Enzymes are renowned for their catalytic efficiency and selectivity, but many classical transformations in organic synthesis have no biocatalytic counterpart. Aldolases are prodigious C–C bond-forming enzymes, but their reactivity has only been extended past activated carbonyl electrophiles in special cases. To probe the mechanistic origins of this limitation, we use a pair of aldolases whose activity is dependent on pyridoxal phosphate. Our results reveal how aldolases are limited by kinetically favourable proton transfer with solvent, which undermines aldol addition into ketones. We show how a transaldolase can circumvent this limitation, enabling efficient addition into unactivated ketones. The resulting products are highly sought non-canonical amino acids with side chains that contain chiral tertiary alcohols. Mechanistic analysis reveals that transaldolase activity is an intrinsic feature of pyridoxal phosphate chemistry and identifies principles for extending aldolase catalysis beyond its previous limits to enable convergent, enantioselective C–C bond formation from simple starting materials.

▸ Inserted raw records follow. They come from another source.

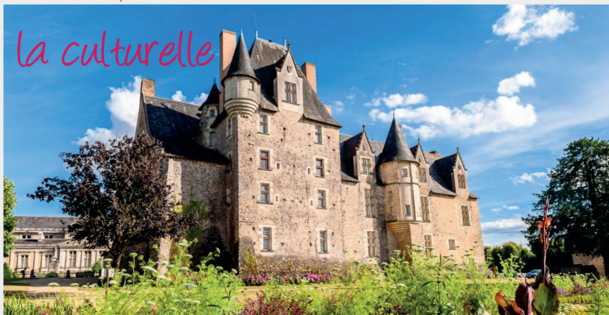
CHÂTEAU DE BAUGÉ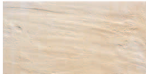
RB001 Rocca dei Borgia Rontana (Bianco) 16,4x33,3 6"x13" 560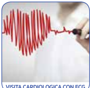
VISITA CARDIOLOGICA CON ECG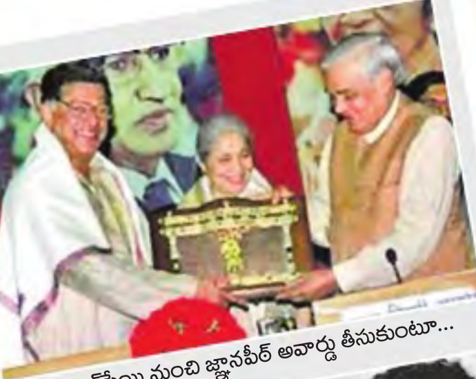
● జాపీపై నుంచి జ్ఞానపీఠ్ అవార్డు తీసుకుంటూ...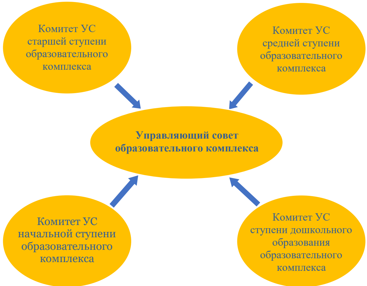
Рис.2. Управляющий совет образовательного комплекса. Второй вариант организации.

соответствующей ступени (структурного подразделения) – это вопрос открытый и ответ на него зависит от объема функций и полномочий комитета. То же самое можно сказать и в отношении «структурно-территориального» комитета, рассмотренного в первом варианте.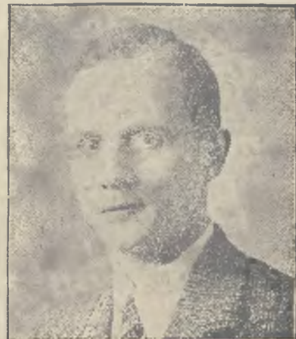
Sekretarz ambasady niemieckiej w Paryżu von Rath.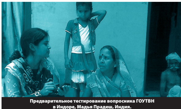
Предварительное тестирование вопросника ГОУТВН в Индоре, Мадья Прадеш, Индия.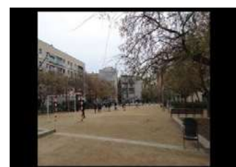
Ryc. 16. Zdjęcia zabudowy wielorodzinnej – Barcelona, autor Wojciech Kocki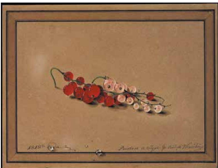
Ф. П. Толстой. «Ягоды красной и белой смородины». 1818 год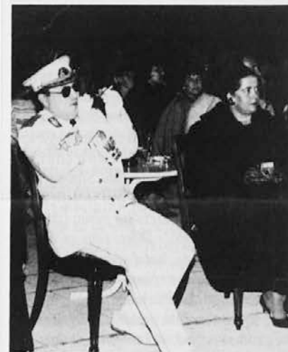
»Maršal« s sporogo Jovanko

V Gorici je po nekajkratnem prenašanju zaradi slabega vremena le bil izpeljan letošnji Pajk's show, ki je dejansko osrednja goriška letna satirična prireditev. Na tem srečanju se namreč dobijo skorajda vsi slovenski goriški veseljaki, ki se norčujejo iz sebe in naše in vaše manjšinske stvarnosti. Da bi zabava bolj uspela so medse letos povabili maršala Tita, ki je prišel v spremstvu Jovanke z belim mercedesom. Presenetljiva podobnost igralke Jovanke je sprva kar nekako zasenčila slavnega »maršala«, ki je bil zelo dober, saj se je za obisk v Štandrežu pripravil in je pokazal, da pozna tudi zamejsko stvarnost, kar za vse slovenske prave politike ne moremo reči. Med enim potegom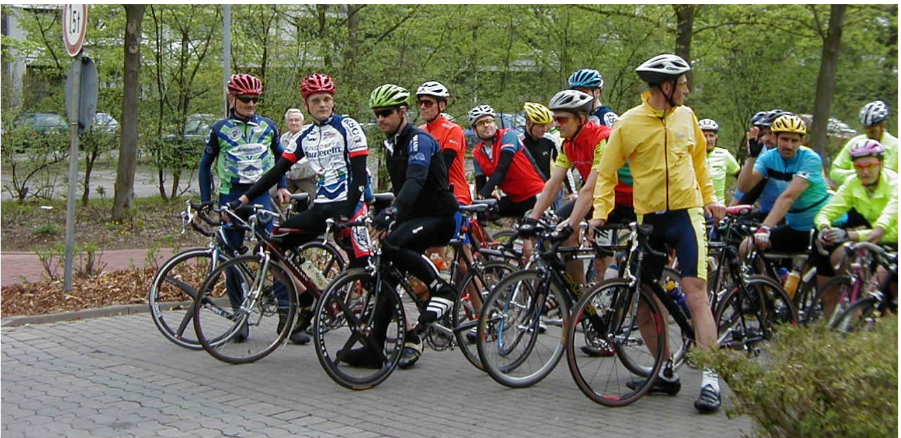
Vor dem Start

Es werden wieder drei Strecken verschiedener Länge angeboten. Für nicht ganz so geübte Radler bietet sich eine Streckenlänge von 45 km an. Wer schon etwas besser trainiert ist kann sich auf den Streckenlängen über 77 km und 113 km an der frischen Frühlingslandschaft erfreuen. Die längste und schönste Tour führt bis in das wellige Harzvorland.

酶以其催化效率和选择性而闻名，但有机合成中的许多经典转化没有生物催化对应物。醛缩酶是极好的 C-C 键形成酶，但在特殊情况下，它们的反应性仅扩展到活化羰基亲电试剂之外。为了探索这种限制的机制起源，我们使用了一对醛缩酶，其活性取决于磷酸吡哆醛。我们的结果揭示了醛醛酸酶如何受到溶剂的动力学有利质子转移的限制，这破坏了醛醇添加到酮中的作用。我们展示了转醛缩酶如何绕过这一限制，从而能够有效地添加到未活化的酮中。所得产品是备受追捧的非经典氨基酸，其侧链含有手性叔醇。机理分析表明，转羟醛酶活性是磷酸吡哆醛化学的内在特征，并确定了将醛缩酶催化扩展到其先前限制之外的原理，以实现从简单起始材料形成收敛的对映选择性 C-C 键。